### Brief:
Pictures are to be left out, and only the lines from the one containing "1、网上查询:2019年河南省高招录取查询入口(点击即可访问)" through the last line of the data are to be returned exactly.
****
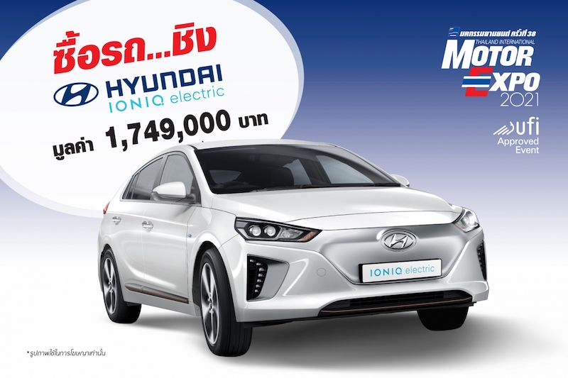 - “ซื้อรถ…ชิงรถ” เมื่อจองหรือซื้อรถยนต์ใหม่ภายในงาน มีสิทธิ์ชิงรถยนต์ HYUNDAI IONIQ ELECTRIC มูลค่า 1,749,000 บาท จำนวน 1 รางวัล
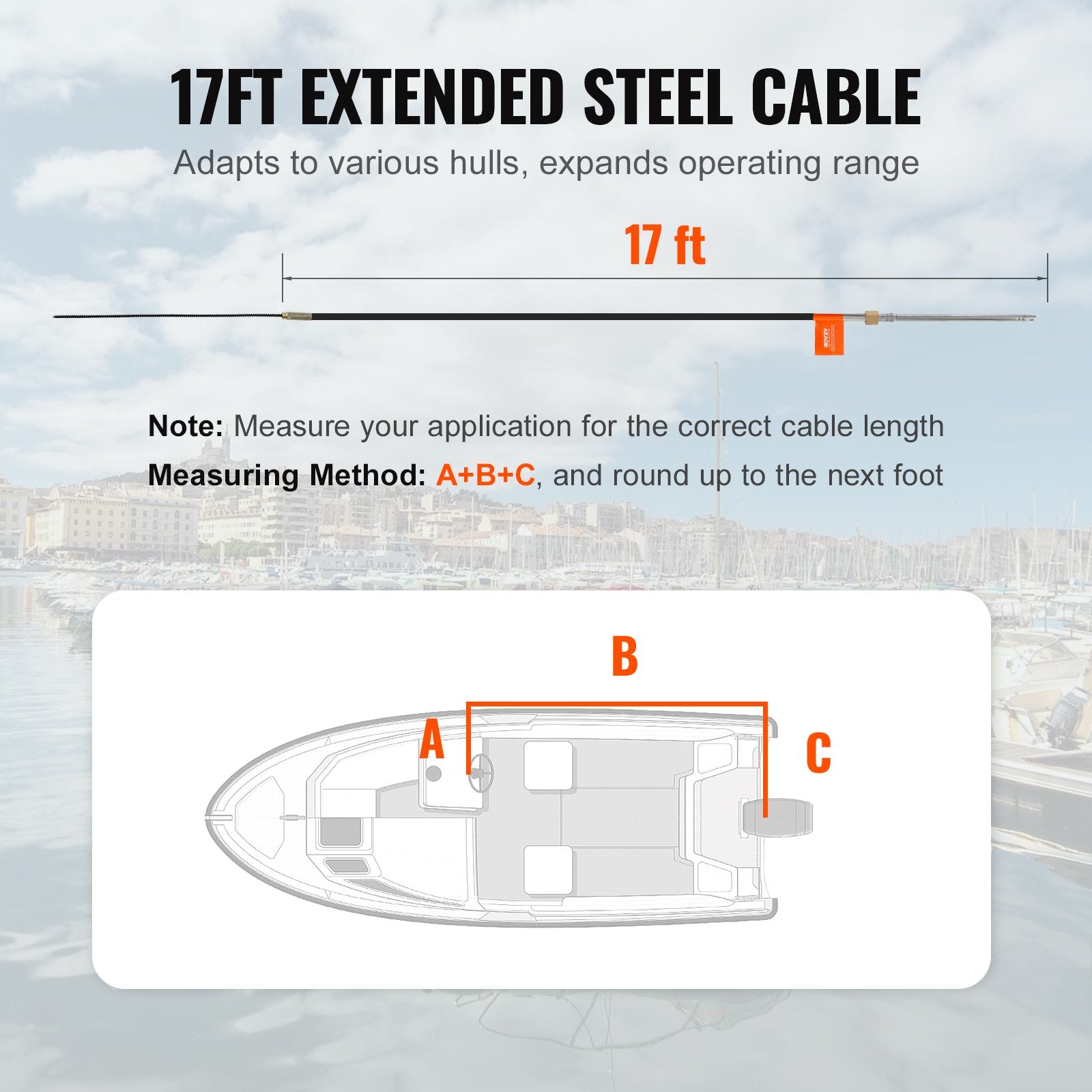Boots-Lenkkabel, 17 Fuß Außenbord-Marine-Drehlenkkabel, 1/2 Tonne hohe Zugfestigkeit, Stahl-Lenkkabel, kompatibel mit den meisten Einzelstations-Außenbord-Lenksystemen
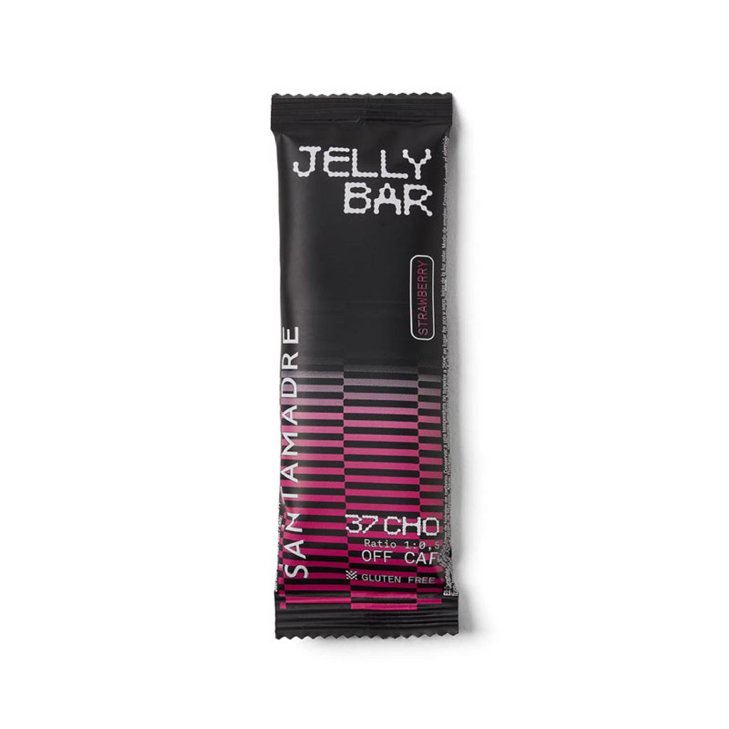 JELLY BAR RATIO 1:0,5 es una deliciosa para tomar durante el esfuerzo, gracias a su nueva formulación cuenta con 37g de hidratos de carbono con un RATIO de absorción 1:0,5.
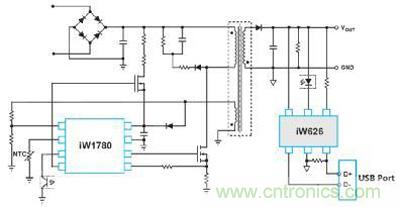 典型的手機充電器的硬件結構(以基于Dialog方案的高通QC2.0快充協(xié)議為例)如圖 1所示。iW626作為QC2.0協(xié)議控制器,經(jīng)由USB口的D+/D-信號和手機側AP進行供電協(xié)商,然后通過光耦控制原邊的AC/DC控制器iW1780完成輸出電壓的調整。
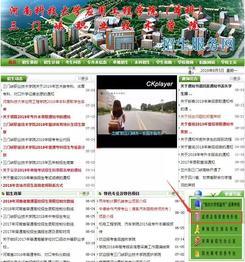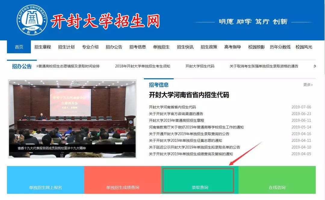 1、网上查询:2019年河南省高招录取查询入口(点击即可访问)
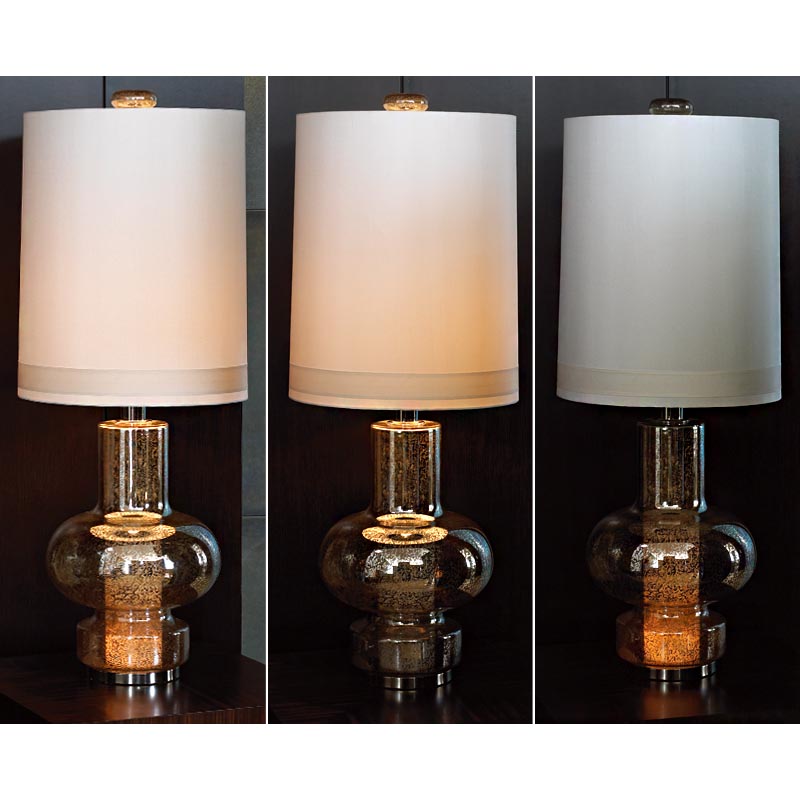 The lamp features a beautiful antique mercury glass body, a frosted glass inner cylinder, and a three-way switch that allows for multiple lighting options:
****
### Answer section:
 1、网上查询:2019年河南省高招录取查询入口(点击即可访问)
 The lamp features a beautiful antique mercury glass body, a frosted glass inner cylinder, and a three-way switch that allows for multiple lighting options:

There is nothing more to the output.